Segment Start: EXERCISE DATA

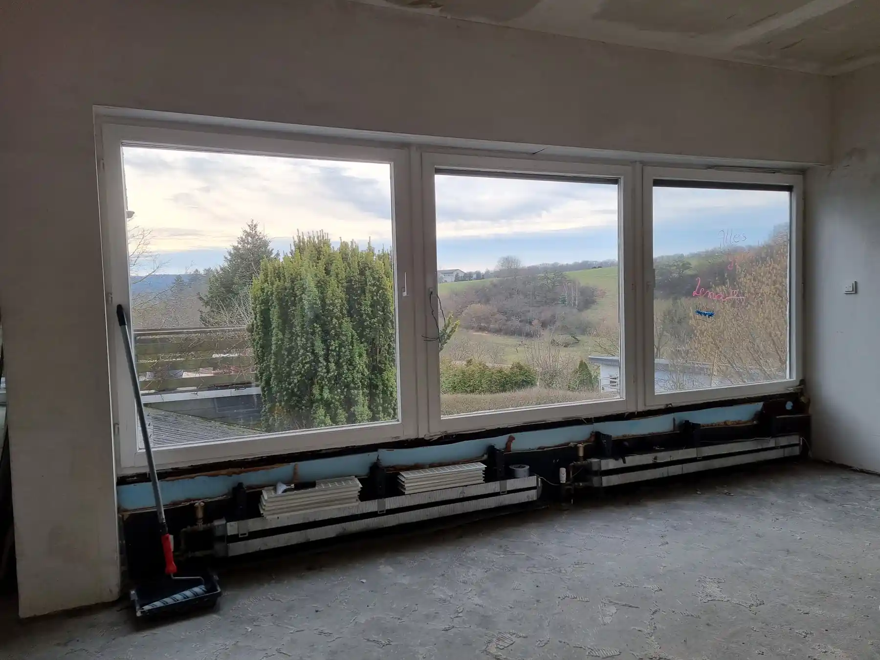 Vor dem Umbau wies das Gebäude unterschiedliche Bodenbeläge, einen unzeitgemäßen Wintergarten sowie undichte Fenster auf. Der Zugang zum Kellergeschoss erfolgte über eine schwankende Wendeltreppe, die den heutigen Anforderungen an Sicherheit und Komfort nicht mehr gerecht wurde. Auch die bestehende Fassadengestaltung mit Kellenputz und Schieferplatten entsprach nicht den modernen Vorstellungen der Bauherren.
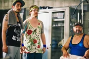 MuckibudeSol (Eko Fresh, l.), Kumpel Hardy (Sascha Reimann, M.), Herr Bulut (Aykut Kayacik, r.).Bild: © ZDF und Efe Cetinoezman
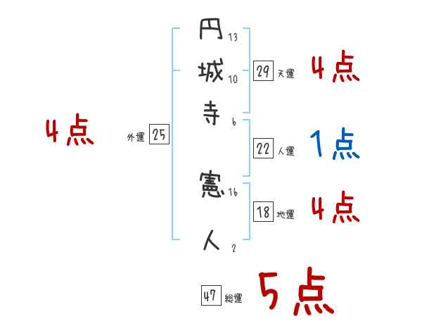 総運![]() | 円城寺憲人さんの総運は47画の5つ星!実力が開花し発展する円満な人生。財に恵まれる。 あなたの人生を表す1番重要な運勢です。生涯を通じて影響する総合運となり、主に50歳以降の晩年期に影響を及ぼします。 |

Segment End: EXERCISE DATA

TASK ▸ Make a word-for-word repeat of the material, skipping all pictures.

RESULT OF THIS TASK ▸
 Vor dem Umbau wies das Gebäude unterschiedliche Bodenbeläge, einen unzeitgemäßen Wintergarten sowie undichte Fenster auf. Der Zugang zum Kellergeschoss erfolgte über eine schwankende Wendeltreppe, die den heutigen Anforderungen an Sicherheit und Komfort nicht mehr gerecht wurde. Auch die bestehende Fassadengestaltung mit Kellenputz und Schieferplatten entsprach nicht den modernen Vorstellungen der Bauherren.
 MuckibudeSol (Eko Fresh, l.), Kumpel Hardy (Sascha Reimann, M.), Herr Bulut (Aykut Kayacik, r.).Bild: © ZDF und Efe Cetinoezman
 総運![]() | 円城寺憲人さんの総運は47画の5つ星!実力が開花し発展する円満な人生。財に恵まれる。 あなたの人生を表す1番重要な運勢です。生涯を通じて影響する総合運となり、主に50歳以降の晩年期に影響を及ぼします。 |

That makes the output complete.